Step 2: Session Preparation
- Find a quiet place where you can sit comfortably and relax.
- Take a few Forceful Breaths and let go of any tension in your body.
- If your mind is not calming down, refer to our Tips and Tricks for Calming the Mind
Step 3: Triggering Sensation
- Bring to mind a specific trigger of stress or negative emotions. Refer to the ones prepared beforehand.
- As you focus on the trigger, pay attention to the tension or discomfort in your body that arise.
- If you struggle with feeling sensations arise, try another trigger, and work on continuing to lean into your emotional/intuitive parts.
- Now, make a conscious choice to let go of these physical sensations and the emotional trigger.
Step 4: Letting Go of Sensation
- As you do this, imagine the trigger and sensations dissipating and disappearing, but do not try to force it. Allow the sensations to be present.
- Continue to relax your body with spaced out rounds of Forceful Breaths. Encourage sensations to arise.
- During this process, you are likely to feel resistance or worry, as the trigger and sensations do not always quickly and easily go away. Rather than fighting them, treat these new sensations as just more to Let Go of.
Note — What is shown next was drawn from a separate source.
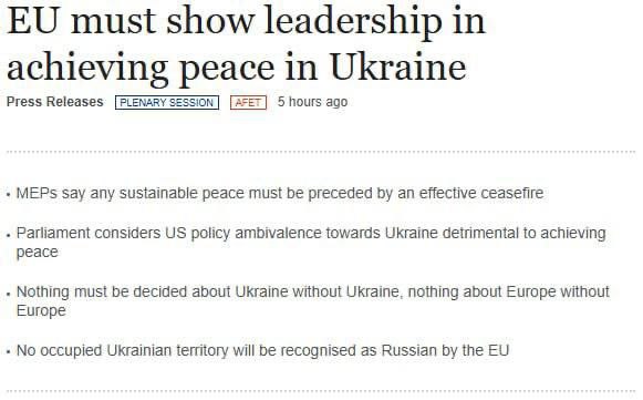 ‼️🇪🇺🇺🇦Il Parlamento Europeo chiede di ammettere l’UE al tavolo dei negoziati sull’Ucraina e di trasferire a Kiev gli attivi russi ▪️Il Parlamento Europeo ha preparato una nuova risoluzione, i punti principali: ◾Il cessate il fuoco in Ucraina deve essere accompagnato da garanzie di sicurezza affidabili da parte di UE e USA. ◾Rifiuto del riconoscimento dei “nuovi” territori russi. ◾Principio “niente sull’Ucraina senza l’Ucraina, sull’Europa senza l’Europa”. ◾L’accordo non deve limitare il diritto dell’Ucraina di scegliere alleanze e di difendere la propria integrità territoriale. ◾Confisca degli attivi russi congelati a favore della garanzia di un prestito all’Ucraina. ◾Rimozione delle sanzioni alla Russia solo dopo la firma di un accordo di pace, in caso di rifiuto — nuovi pacchetti anti-russi. Segui 👉🏻 @ClaraStatello

- Continue to focus on the trigger & sensations and repeat several Forceful Breaths until you feel a sense of physical calm and relaxation. Forceful Breaths can serve as almost as an “exit path” for physical sensations to disperse.
- A Forceful Breath consists of Breathing in for 6 seconds, hold for 2, and forcefully breathing out for 6 seconds with pursed lips.
- Expect that this process could take anywhere from 10 to 30 minutes, or even longer. You may not resolve a trigger in one sitting.
Step 5: Concluding Session
- When you are ready, slowly open your eyes and take a few deep breaths. Notice any changes in your body and mind.
- If you didn’t resolve all sensations that came up, you can always try again another time.
- Write about your experience in attempting to Let Go of each trigger in your Letting Go exercise table.
Step 6: Form to Output
For each trigger that you’ve discovered during your Inner Compass Work, make note of it in your output table. Give the trigger a title in the table. Describe your experience today with letting go of it. Give it a rating of 1-5 for how intense it was before and after this session.